Saturday, September 8, 2007
I have a show coming up the first weekend in October. The Buda Fine Arts Festival. http://www.budachamber.com/Annuals/FineArtsFestival/Flyer_071707.htm This is my second year to do this show. Last year I did well and hope to do even better this year! Preparation for this show and every show is time consuming but necessary to try to ensure it is as successful as possible. Tonight I have been printing my giclée prints. I sell most of my original drawings and have archival prints of each original for sale too. I'd love for you to take a minute to browse through my galleries on my website http://www.karenhargettfineart.com/ and see what all I have been drawing.
It’s been an eventful month so far. My pastel, Breaking Point, was chosen by international dog and animal artist and Editor of Starving Artists, Mike Sibley http://www.starving-artists.net/ It is a great honor to have him choose this pastel as I respect him so much. He has so many wonderful artists submitting work all the time on his site and to be selected even made it more special.

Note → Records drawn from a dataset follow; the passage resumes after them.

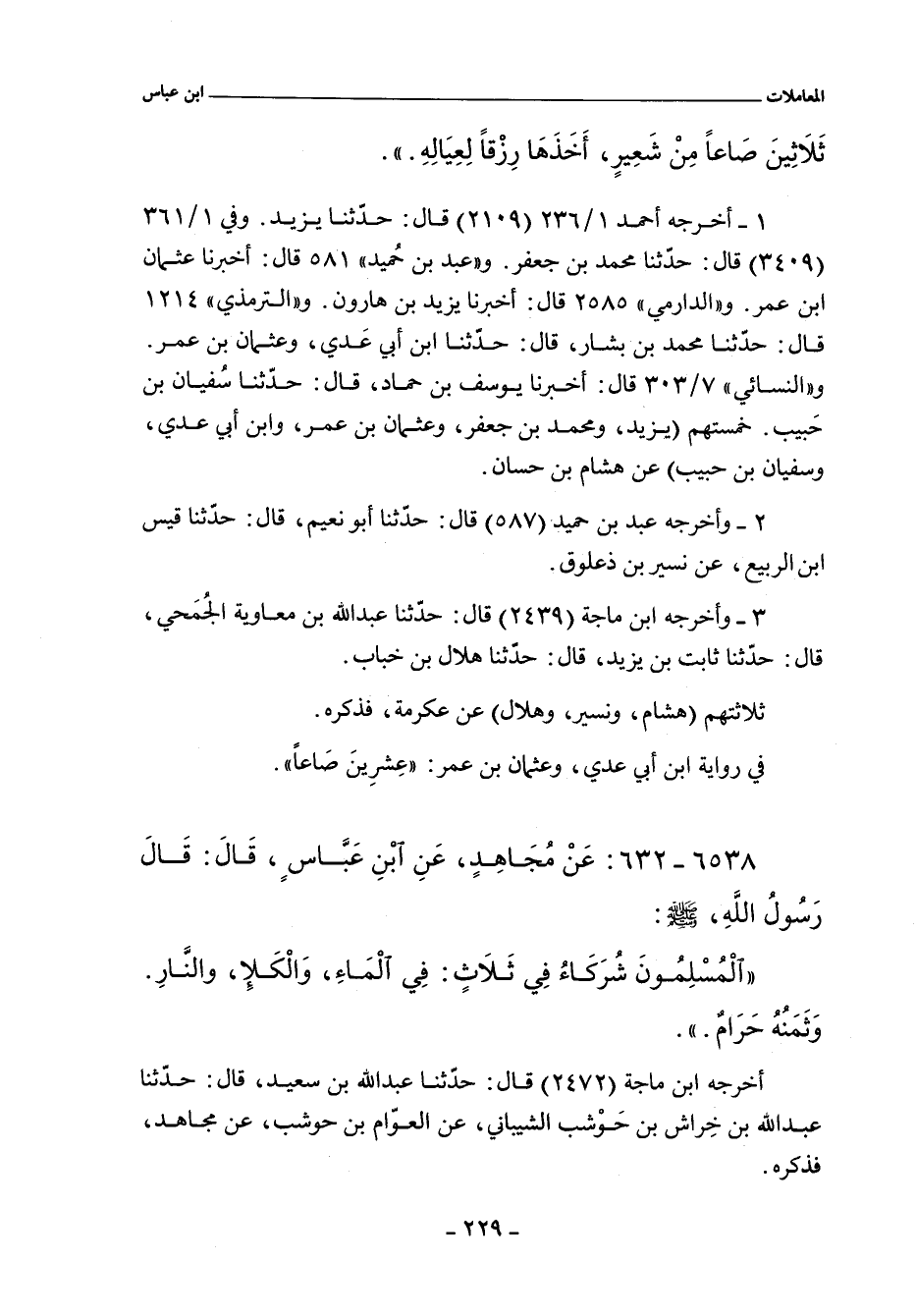 الْمُسْلِمُونَ شُرَكَاءُ فِى ثَلَاثٍ فِى الْمَاءِ وَالْكَلإِ وَالنَّارِ وَثَمَنُهُ حَرَامٌ.
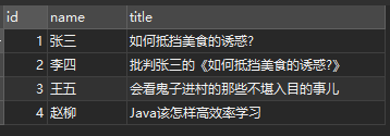 insert into table_name(id, name, title) values (1, '张三', '如何抵挡美食的诱惑?'), (2, '李四', '批判张三的《如何抵挡美食的诱惑?》'), (3, '王五', '会看鬼子进村的那些不堪入目的事儿'), (4, '赵柳', 'Java该怎样高效率学习');
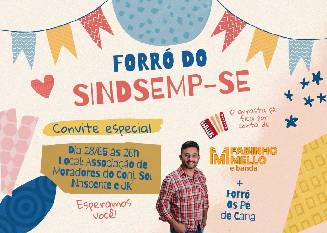 Tá chegando a hora da festa mais aguardada. O FORRÓ DO SINDSEMP-SE volta pra animar os festejos juninos dos Trabalhadores Efetivos do MPSE. Comidas típicas, confraternização com colegas e muito arrasta-pé pra voltarmos a curtir um arraial depois de um hiato de dois anos sem a festa.
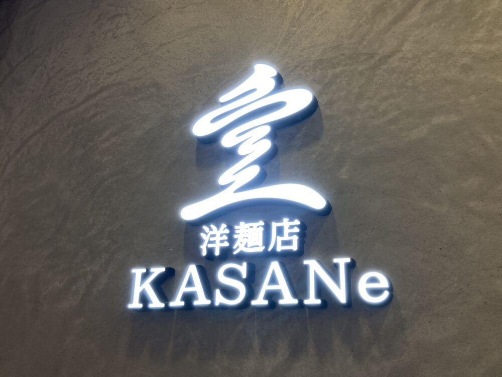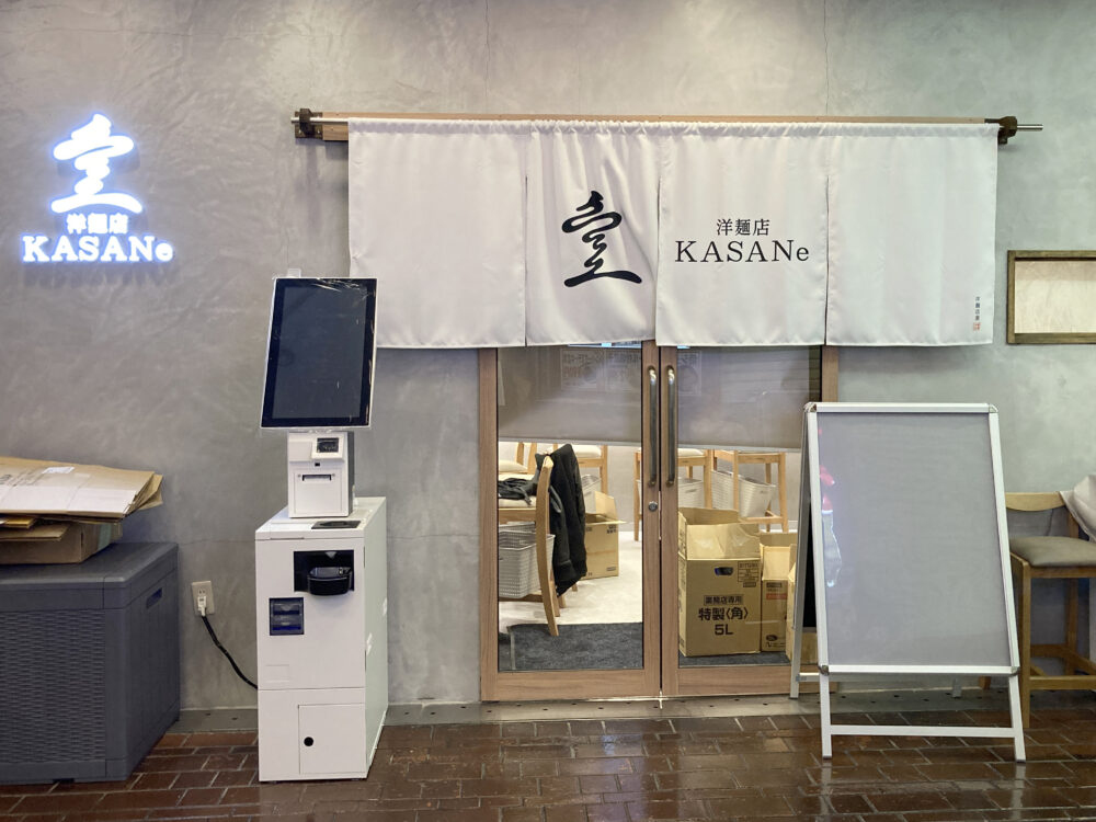 印象的な白いネオンが光る『洋麺店KASANe』。11月上旬の段階で「暖簾」がかかり、真新しい精算機や看板の準備が進められていました。
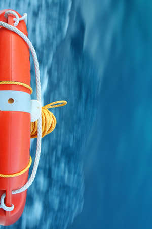 Red Lifebuoy with blue sea water flowing in the background
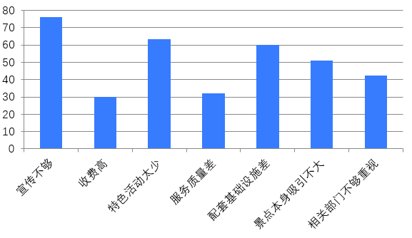 7、受访对象对于自己家乡红色旅游景点发展存在的意见主要包括:宣传不够、特色活动太少、配套基础设施差等等。
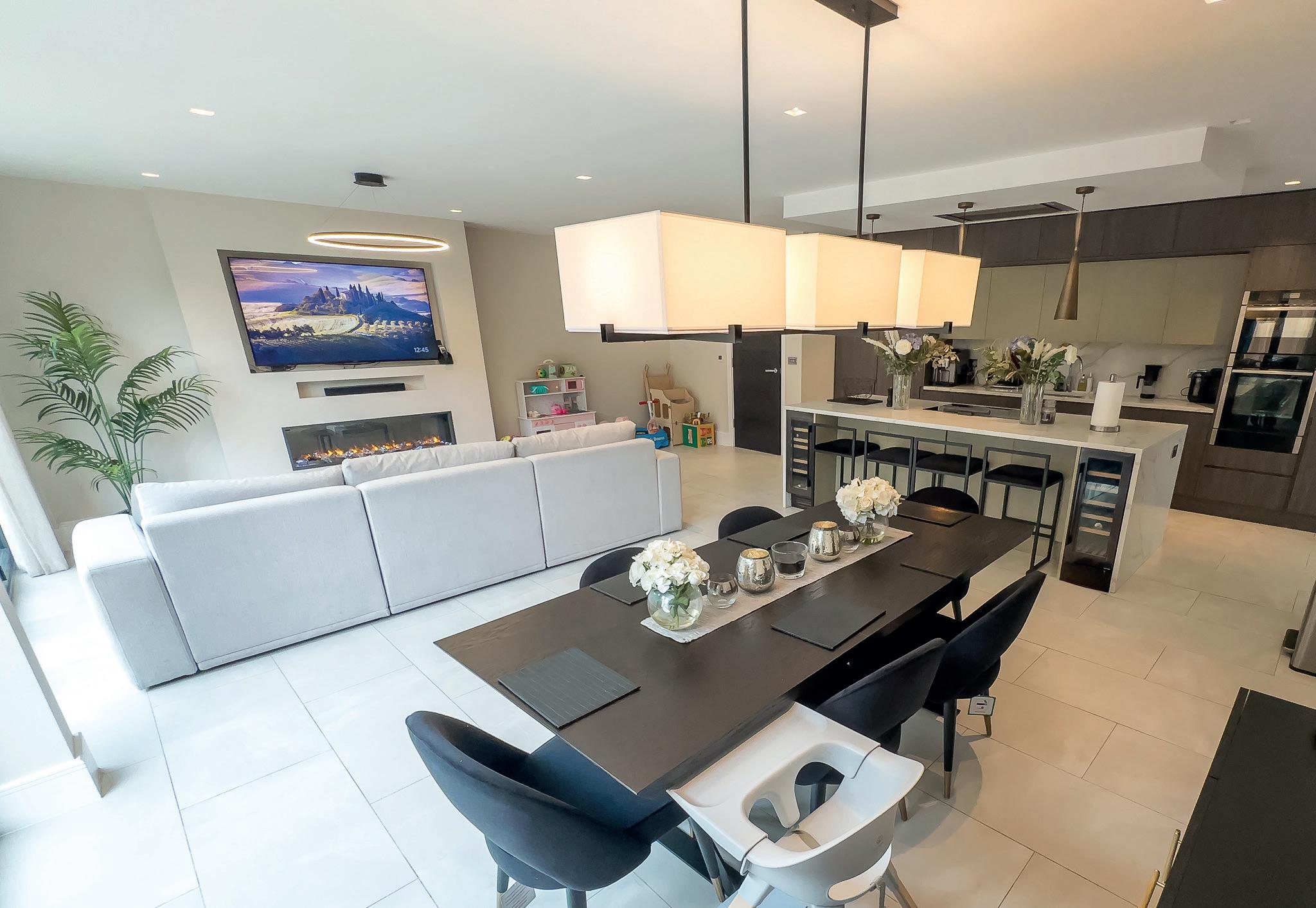 The luxury kitchen with island and abundance of space for dining and lounge area also has a bespoke media wall and inset gas fire.
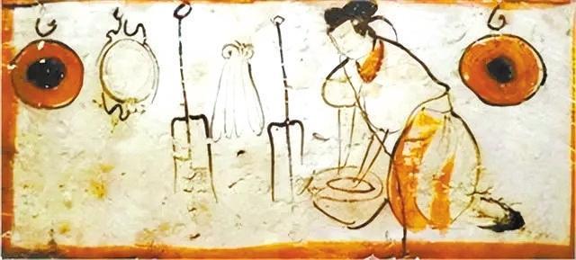 嘉峪關(guān)新城三號(hào)墓曾出土一塊畫像磚,圖為女子在盆中揉面,后面的墻上掛著鐺、箕等廚具。
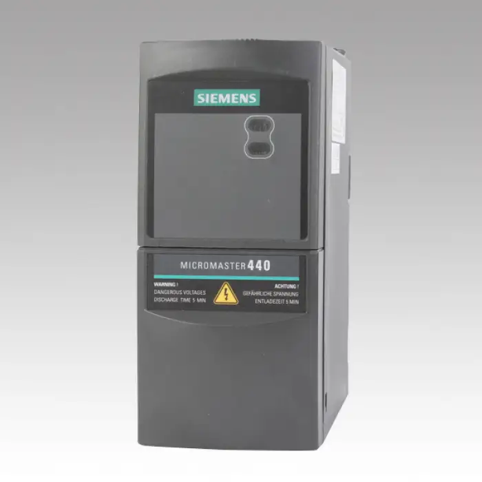 The MICROMASTER 440 is a compact three-phase variable frequency drive (VFD) from Siemens designed for industrial motor control. It provides precise speed/torque control for applications such as conveyors, pumps, fans, HVAC and material handling. The listing references models in the 6SE6440-2 series (for example 6SE6440-2UD21-1AA1 and 6SE6440-2AD27-5CA1).
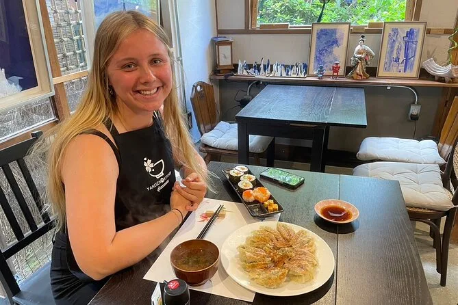 Você pode escolher entre sushi caseiro, bento, peixe ou frango teriyaki, okonomiyaki, gyoza, tonkatsu, udon feito do zero, tempurá ou limpar peixe no estilo japonês.
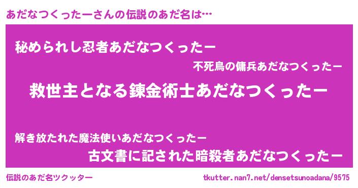 | 女子向けラノベタイトル風あだ名 | 『死神あだなつくったーの再婚』 |
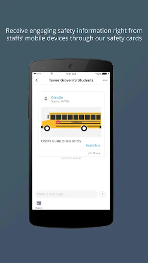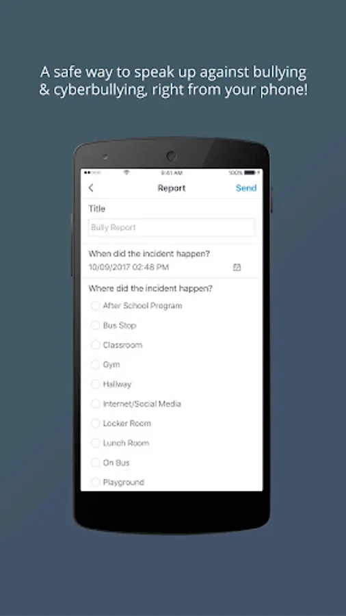 The Safe2SpeakUP app is the student companion to CrisisGo Bully & Tips. Using Safe2SpeakUP, students can report bullying for themselves or their friends, as well as other tips or incidents as defined by their school. They can message with groups that are permissioned to them by their school districts, or with the school's safety team in charge of bullying. Additional features such as a panic button can also be turned on by the school. All activities are recorded for reporting purposes, and when selected, anonymity is ALWAYS preserved. Feel safe to speak up, and let's unite against bullying!
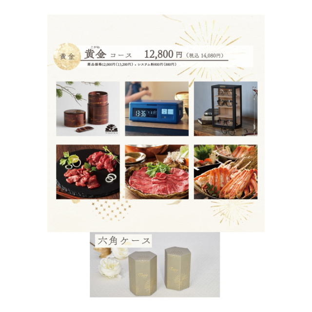 【六角ケース】存在感のある立体型ケース。金箔と亀甲の六角で縁起のよさを表しています。
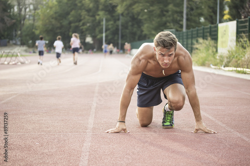 Sprinter at start position, kneeling, muscular body.
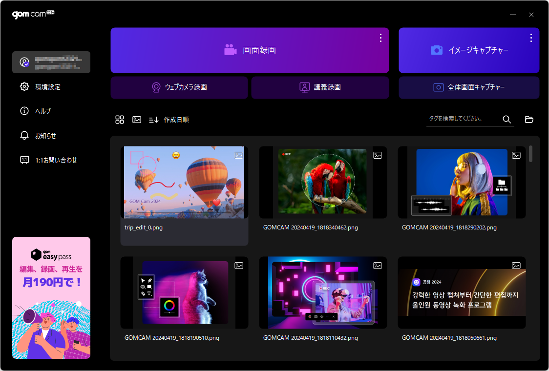 - ② または、タスクバー(システムトレイ)のGom Camアイコンを右クリックするか、ショートカットキーを利用してキャプチャを進行し、キャプチャ完了ポップアップをクリックします。
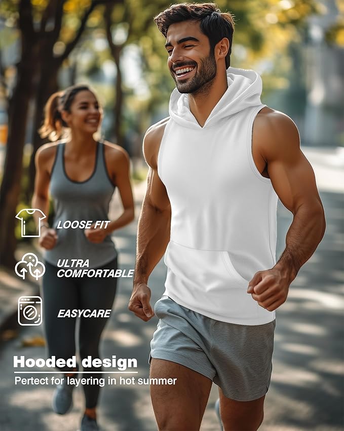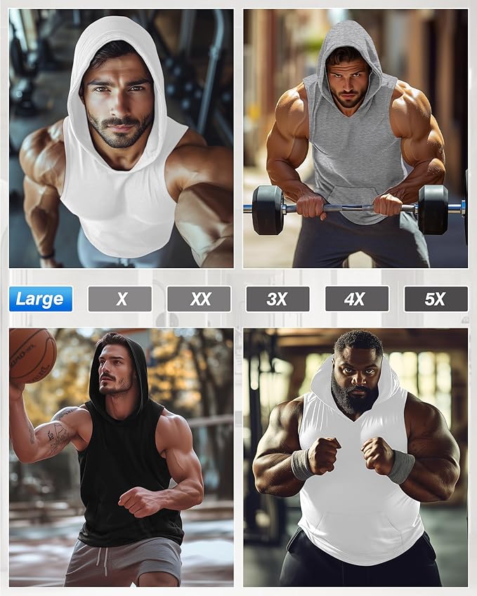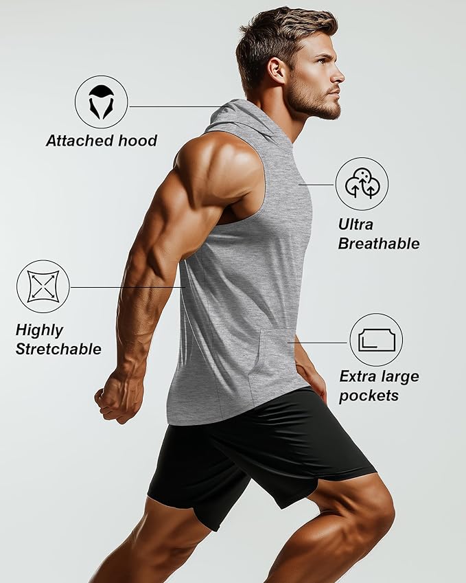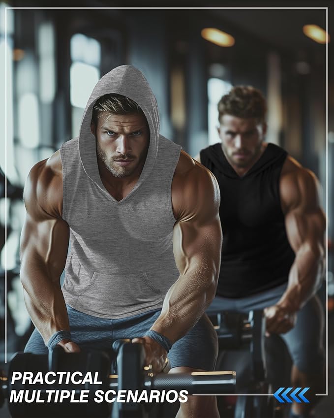 - Sleeveless and Hooded Design: the men's hooded tank tops feature sleeveless, hooded and kangaroo pocket design, accentuating your physique and muscles of arms while having a practical pocket in front can store your belongs

Then Thursday, I was interviewed by the Buda Free Press, a local newspaper. They are featuring local artists who are participating in the Buda Fine Arts Festival. I’m anxious to see how that interview turns out – I’ll let you know!
Lastly, but certainly not least, I want to thank the Lord God Almighty for this talent I have been blessed with. What a joy it is to be able to look at what He has created and then try to describe it on a piece of paper with pencils and pastels! Thank you Lord!